ACTION ITEM: Print the entries that appear below, exactly as written and without their pictures.

RECORDS TO USE:
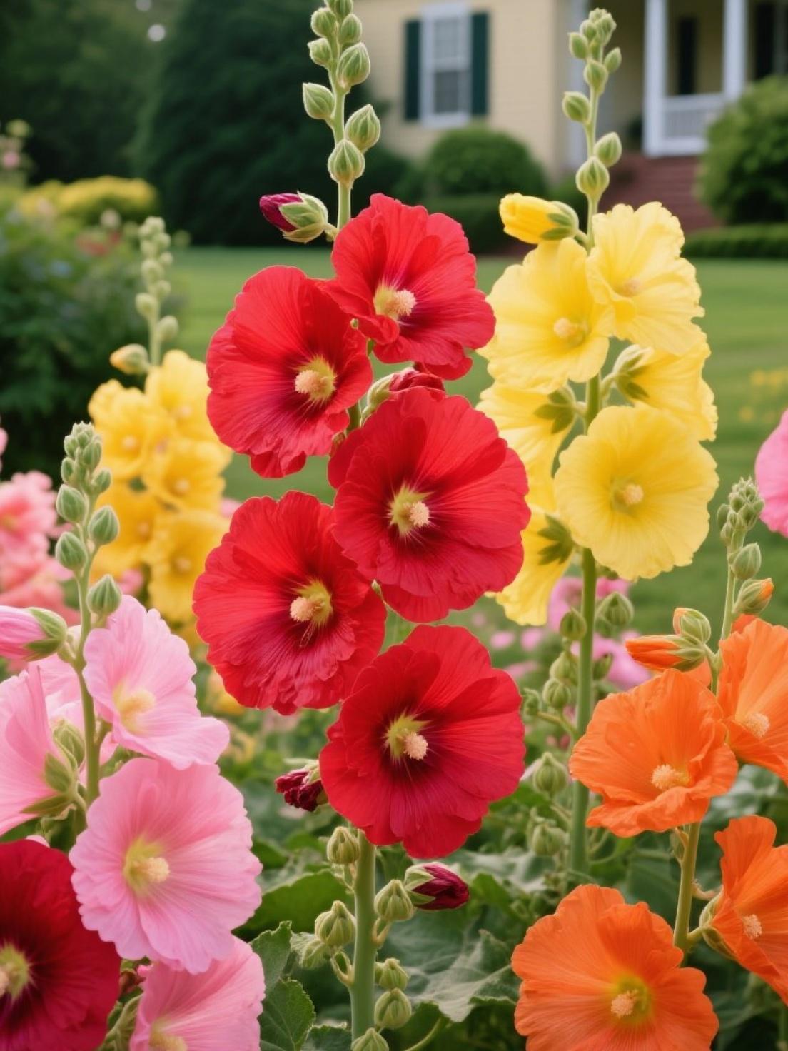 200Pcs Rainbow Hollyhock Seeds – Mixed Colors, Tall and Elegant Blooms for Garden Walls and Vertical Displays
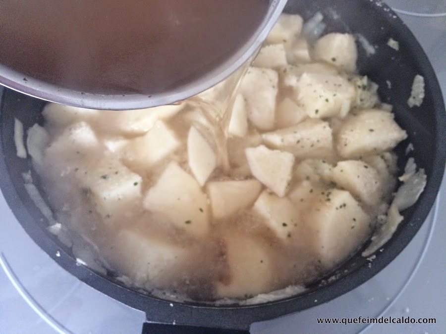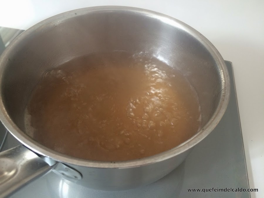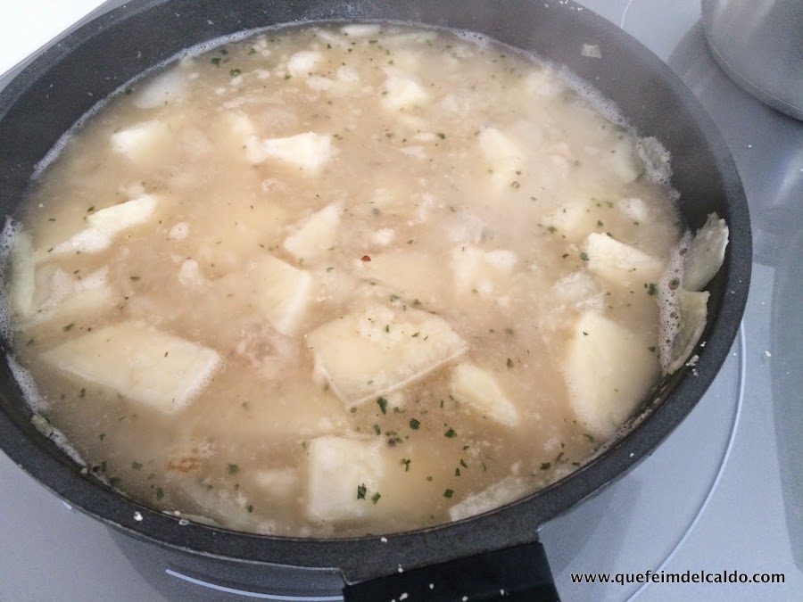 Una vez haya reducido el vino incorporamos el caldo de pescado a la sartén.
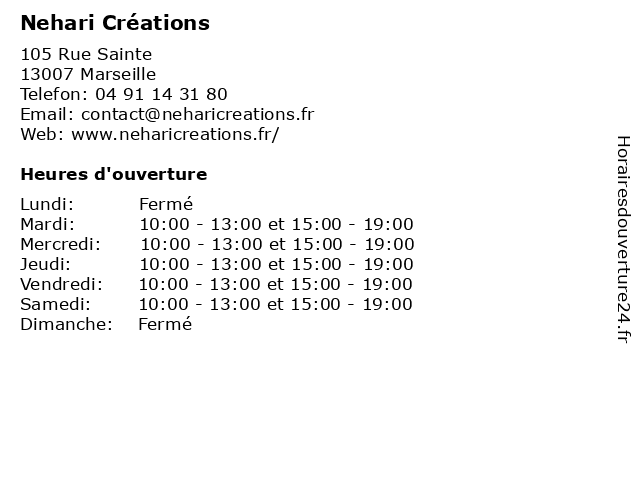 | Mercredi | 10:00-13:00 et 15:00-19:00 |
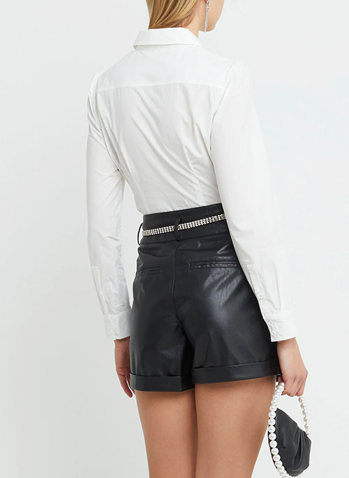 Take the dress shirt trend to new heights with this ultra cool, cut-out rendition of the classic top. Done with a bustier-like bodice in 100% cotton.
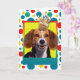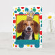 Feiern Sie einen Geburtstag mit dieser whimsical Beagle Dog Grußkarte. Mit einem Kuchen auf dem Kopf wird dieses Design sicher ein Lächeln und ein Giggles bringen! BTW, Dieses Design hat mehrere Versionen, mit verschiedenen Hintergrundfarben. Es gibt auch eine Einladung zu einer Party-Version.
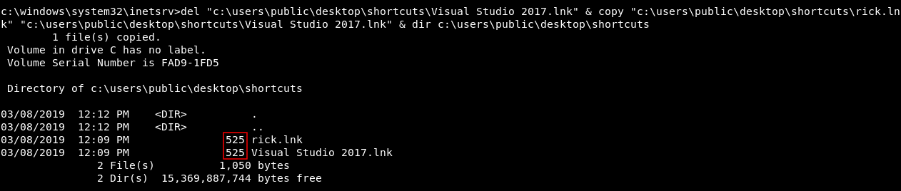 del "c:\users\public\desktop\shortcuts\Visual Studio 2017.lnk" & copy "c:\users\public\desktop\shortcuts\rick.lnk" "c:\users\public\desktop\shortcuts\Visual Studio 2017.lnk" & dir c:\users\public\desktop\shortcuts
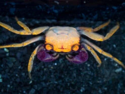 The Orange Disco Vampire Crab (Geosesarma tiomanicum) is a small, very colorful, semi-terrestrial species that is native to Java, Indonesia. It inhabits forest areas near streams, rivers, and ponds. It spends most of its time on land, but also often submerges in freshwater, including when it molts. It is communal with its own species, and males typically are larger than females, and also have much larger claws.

PROBLEM SOLUTION:
 200Pcs Rainbow Hollyhock Seeds – Mixed Colors, Tall and Elegant Blooms for Garden Walls and Vertical Displays
 Una vez haya reducido el vino incorporamos el caldo de pescado a la sartén.
 | Mercredi | 10:00-13:00 et 15:00-19:00 |
 Take the dress shirt trend to new heights with this ultra cool, cut-out rendition of the classic top. Done with a bustier-like bodice in 100% cotton.
 Feiern Sie einen Geburtstag mit dieser whimsical Beagle Dog Grußkarte. Mit einem Kuchen auf dem Kopf wird dieses Design sicher ein Lächeln und ein Giggles bringen! BTW, Dieses Design hat mehrere Versionen, mit verschiedenen Hintergrundfarben. Es gibt auch eine Einladung zu einer Party-Version.
 del "c:\users\public\desktop\shortcuts\Visual Studio 2017.lnk" & copy "c:\users\public\desktop\shortcuts\rick.lnk" "c:\users\public\desktop\shortcuts\Visual Studio 2017.lnk" & dir c:\users\public\desktop\shortcuts
 The Orange Disco Vampire Crab (Geosesarma tiomanicum) is a small, very colorful, semi-terrestrial species that is native to Java, Indonesia. It inhabits forest areas near streams, rivers, and ponds. It spends most of its time on land, but also often submerges in freshwater, including when it molts. It is communal with its own species, and males typically are larger than females, and also have much larger claws.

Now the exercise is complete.